1394 dead #2 The board supports network debugging,

Have to say it works well, very quick.

How far back is network debugging supported, windows 8.1 isnt it? Better hang on to that old hardware that supports firewire if you ever need to debug windows 7 then!

I have definitely used 1394 with Windows 10 for both the host and target,
not sure what happened in your environment. Maybe this:

https://blogs.msdn.microsoft.com/windbg/2016/08/11/kd-1394-work-around/

?

The only other time I’ve had problems is when I’ve had two 1394 controllers
on the host (the 1394 debug driver will only bind to one of them).

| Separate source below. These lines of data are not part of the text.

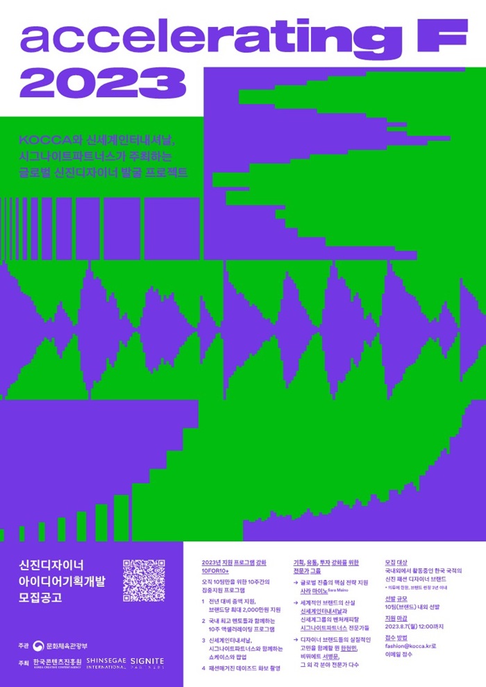 문화체육관광부(장관 박보균)와 한국콘텐츠진흥원(이하 콘진원, 원장 조현래)이 신진 디자이너 발굴 및 프로젝트 ‘액셀러레이팅 F(Accelerating F)'에 참가할 디자이너를 8월 7일까지 모집한다.
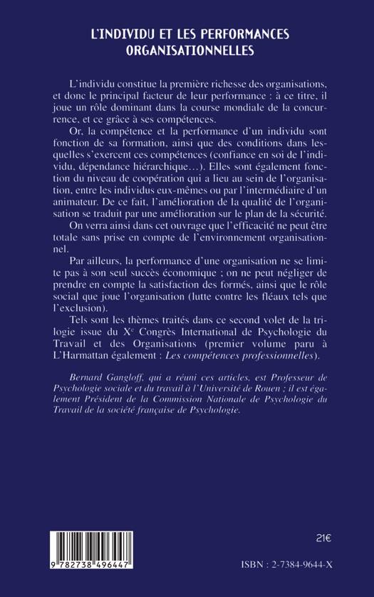 L'individu constitue la première richesse des organisations, et donc le principal facteur de leur performance. La compétence et la performance d'un individu sont fonction de sa formation, ainsi que des conditions dans lesquelles s'exercent ces compétences. La performance d'une organisation ne se limite pas à son seul succès économique ; on ne peut négliger de prendre en compte la satisfaction des formés, ainsi que le rôle social que joue l'organisation. Tels sont les thèmes traités dans cet ouvrage.
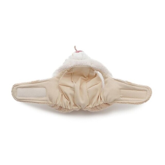 耳を出せる仕様で、あごで留めて手軽に着用いただけます。
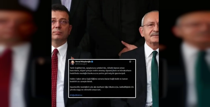 Kılıçdaroğlu, Uğur Mumcu'yu anarken yaptığı paylaşımda şu ifadeleri kullandı: 'Terör örgütlerinin, uyuşturucu çetelerinin, milletin kanını emen baronların, rüşvet yoluyla teslim alınmış siyasetçilerin ve bürokratların hedefinde mesleğini korkusuzca yerine getirmiş bir gazeteciydi. Halkın haber alma özgürlüğüne sonuna kadar bağlı kaldı ve bunun bedelini de canıyla ödedi. Gazetecilik mesleğinin yüz akı merhum Uğur Mumcu'yu, katledilişinin 33. yılında saygı ve rahmetle anıyorum.' Mesajda yer alan 'rüşvet yoluyla teslim alınmış siyasetçiler' ifadesi, CHP'de son dönemde gündemden düşmeyen İBB merkezli yolsuzluk iddialarıyla birlikte okundu.
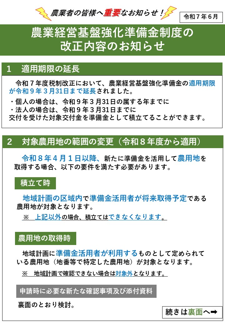 農業経営基盤強化準備金制度の改正内容のお知らせ
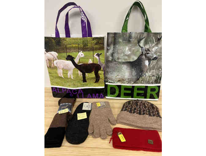 Item Description: Outdoormans package includes: 2 upcycled livestock feed bags – Deer feed and Llama/Alpaca feed, 1 alpaca hat, 1 alpaca headband, 1 pair of alpaca gloves, 1 pair of alpaca boot socks, 1 pair alpaca boot felts.
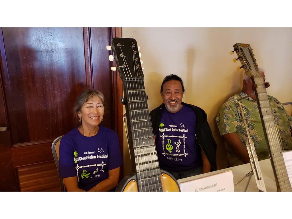 Verdeen and Geri Valdriz. Geri is repsonsible for the festival steel guitar exhibits. Photo by Addison Ching.
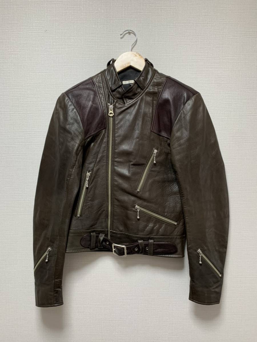 > [REDMOON] ツートン バイカーダブルライダース レザージャケット 36 ブラウン 山羊革 レッドムーン
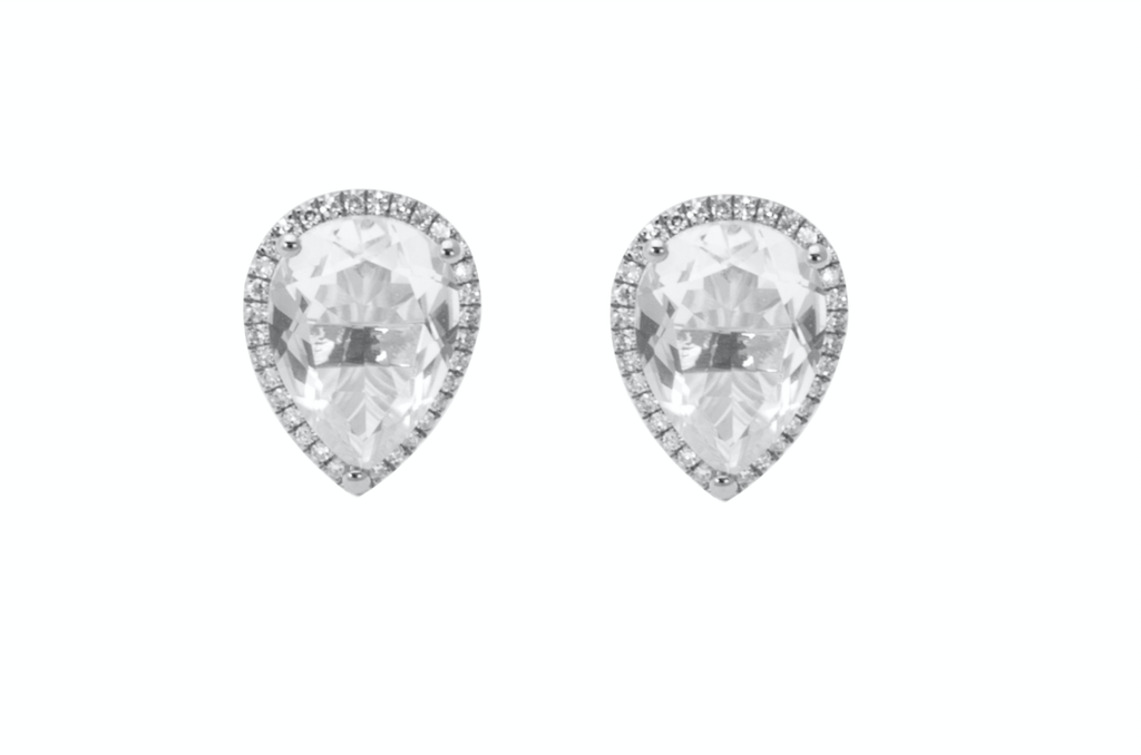 18K Gold Diamond and White Topaz Large Tear Drop Stud Earrings
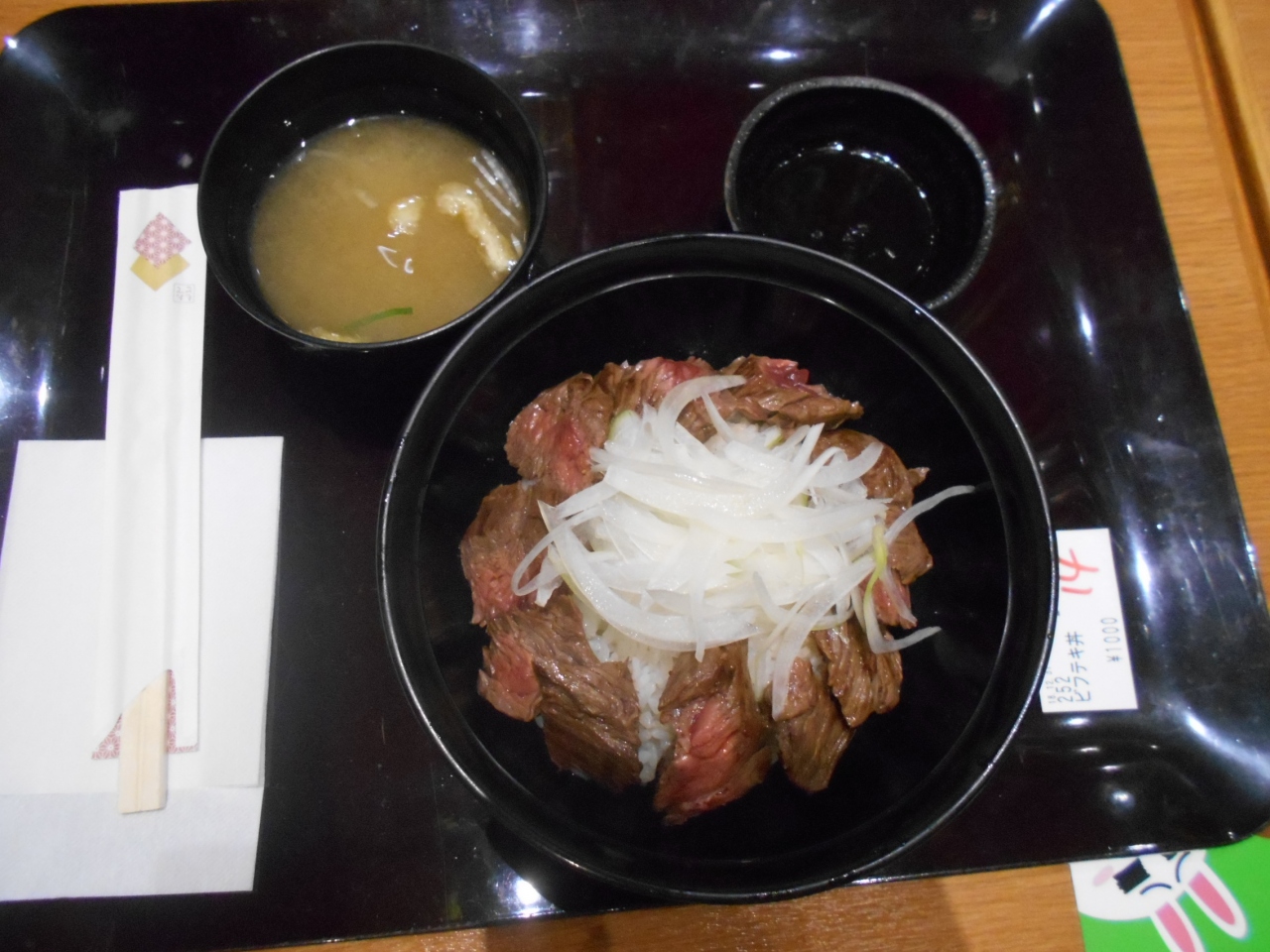 山盛りの唐揚げ丼に魅かれましたが今回はビフテキ丼にしました。(記憶があいまいで正式名称は違っているかもしれません)

Network debug is indeed Win8+.

-scott
OSR
@OSRDrivers

wrote in message news:xxxxx@windbg…

Have to say it works well, very quick.

How far back is network debugging supported, windows 8.1 isnt it? Better
hang on to that old hardware that supports firewire if you ever need to
debug windows 7 then!

Interesting, though the failure occured on win 10 IoT (Enterprise) build 14393 so not sure its relevant.

However network debugging is an appreciable leap in performance over 1394, just a shame they didnt add it to the system config GUI, then it would have been obvious its suported.

Thanks!

Be careful that one of the limits of network debugging (at least back when I tried it) was that you couldnt debug anything before the network stack was up. So if you are working on a driver that has stuff to do before the netowrk drivers are up, it won’t work.

I am assuing this will be fixed in the future Jim? If MSFT are moving to network debugging as the only solution, and it seems ot be that way, then it is going to need to work properly.

Perhaps in debug mode its got/going to have a different stack?

I am not familiar with the limitation of waiting for the network driver to start. I have been using network debugging going back to Win8 and its be started early enough to KdFile replace boot start drivers.